## Assignment
In the records below, repeat exactly the lines between the line holding "Sentado dentro de" and the line holding "I ordered the", inclusive, and drop the pictures.

[Record extracts Boundary: Start]

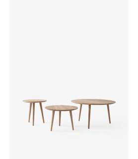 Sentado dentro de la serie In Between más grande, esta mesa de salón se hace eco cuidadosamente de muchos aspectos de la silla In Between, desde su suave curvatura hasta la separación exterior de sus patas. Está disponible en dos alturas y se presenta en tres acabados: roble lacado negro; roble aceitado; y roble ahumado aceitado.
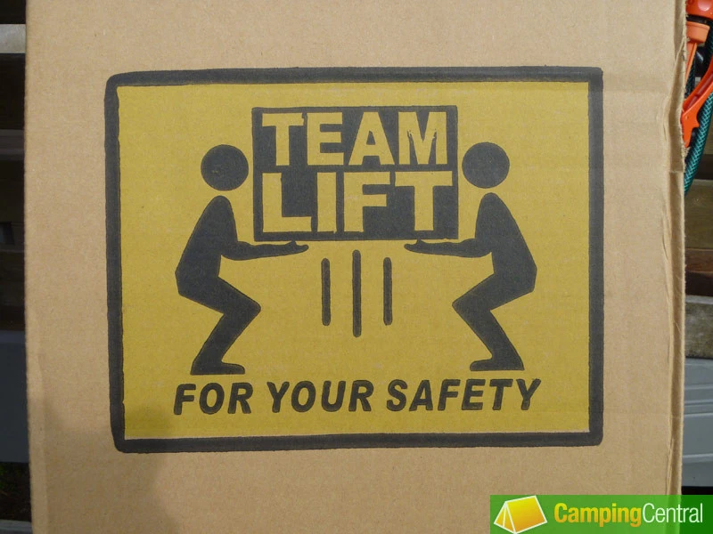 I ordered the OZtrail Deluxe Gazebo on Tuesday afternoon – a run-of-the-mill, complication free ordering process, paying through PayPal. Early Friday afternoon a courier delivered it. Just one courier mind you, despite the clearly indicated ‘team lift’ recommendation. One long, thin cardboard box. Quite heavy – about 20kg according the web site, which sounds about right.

[Record extracts Boundary: End]
[Record extracts Boundary: Start]

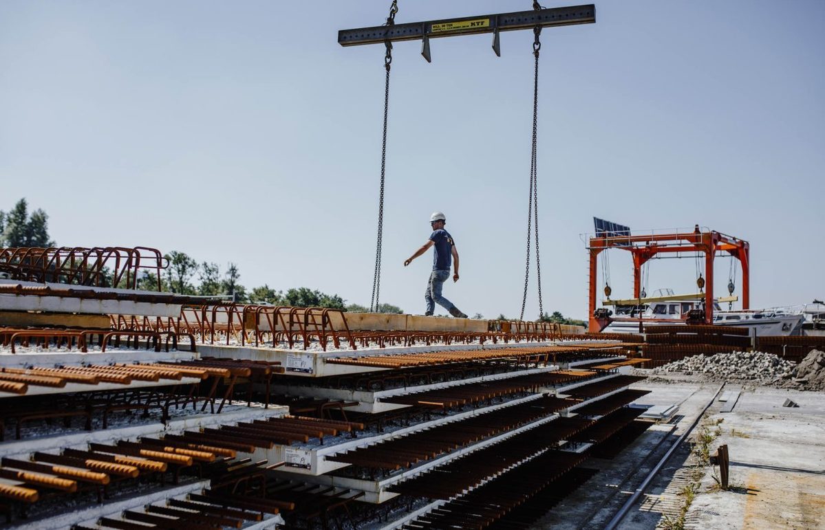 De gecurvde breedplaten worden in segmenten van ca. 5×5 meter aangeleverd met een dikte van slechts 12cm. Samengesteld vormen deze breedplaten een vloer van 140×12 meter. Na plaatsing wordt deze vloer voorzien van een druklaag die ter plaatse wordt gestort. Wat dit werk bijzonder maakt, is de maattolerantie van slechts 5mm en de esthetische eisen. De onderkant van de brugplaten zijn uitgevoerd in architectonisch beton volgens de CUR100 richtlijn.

[Record extracts Boundary: End]
[Record extracts Boundary: Start]

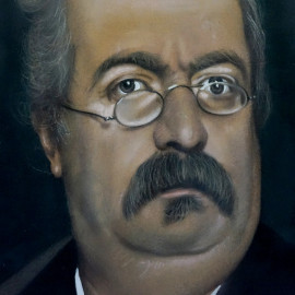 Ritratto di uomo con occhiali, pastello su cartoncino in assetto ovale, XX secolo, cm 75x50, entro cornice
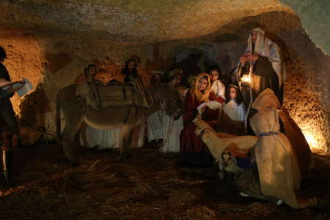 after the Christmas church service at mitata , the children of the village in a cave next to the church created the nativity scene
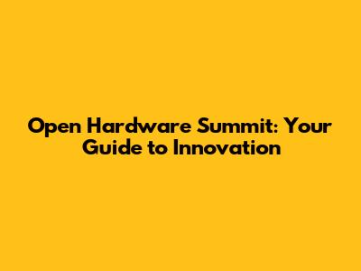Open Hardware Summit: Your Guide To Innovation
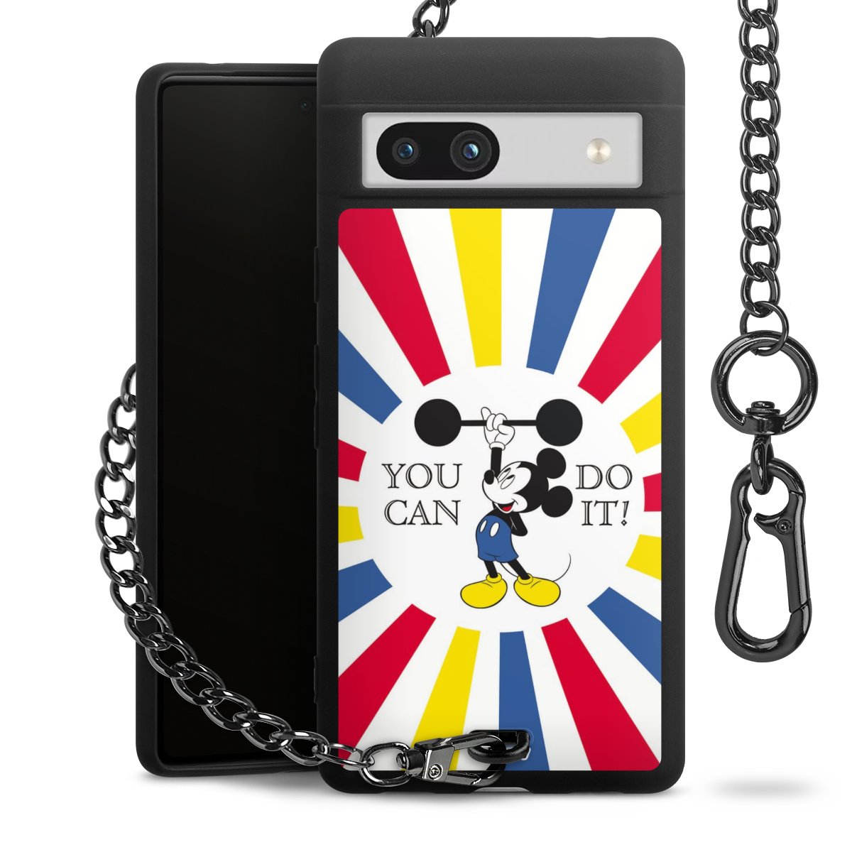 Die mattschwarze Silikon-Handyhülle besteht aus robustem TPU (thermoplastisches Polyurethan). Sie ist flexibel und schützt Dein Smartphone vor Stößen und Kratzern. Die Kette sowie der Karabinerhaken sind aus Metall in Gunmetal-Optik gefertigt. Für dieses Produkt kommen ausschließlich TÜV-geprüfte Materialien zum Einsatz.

[Record extracts Boundary: End]

## Answer
 Sentado dentro de la serie In Between más grande, esta mesa de salón se hace eco cuidadosamente de muchos aspectos de la silla In Between, desde su suave curvatura hasta la separación exterior de sus patas. Está disponible en dos alturas y se presenta en tres acabados: roble lacado negro; roble aceitado; y roble ahumado aceitado.
 I ordered the OZtrail Deluxe Gazebo on Tuesday afternoon – a run-of-the-mill, complication free ordering process, paying through PayPal. Early Friday afternoon a courier delivered it. Just one courier mind you, despite the clearly indicated ‘team lift’ recommendation. One long, thin cardboard box. Quite heavy – about 20kg according the web site, which sounds about right.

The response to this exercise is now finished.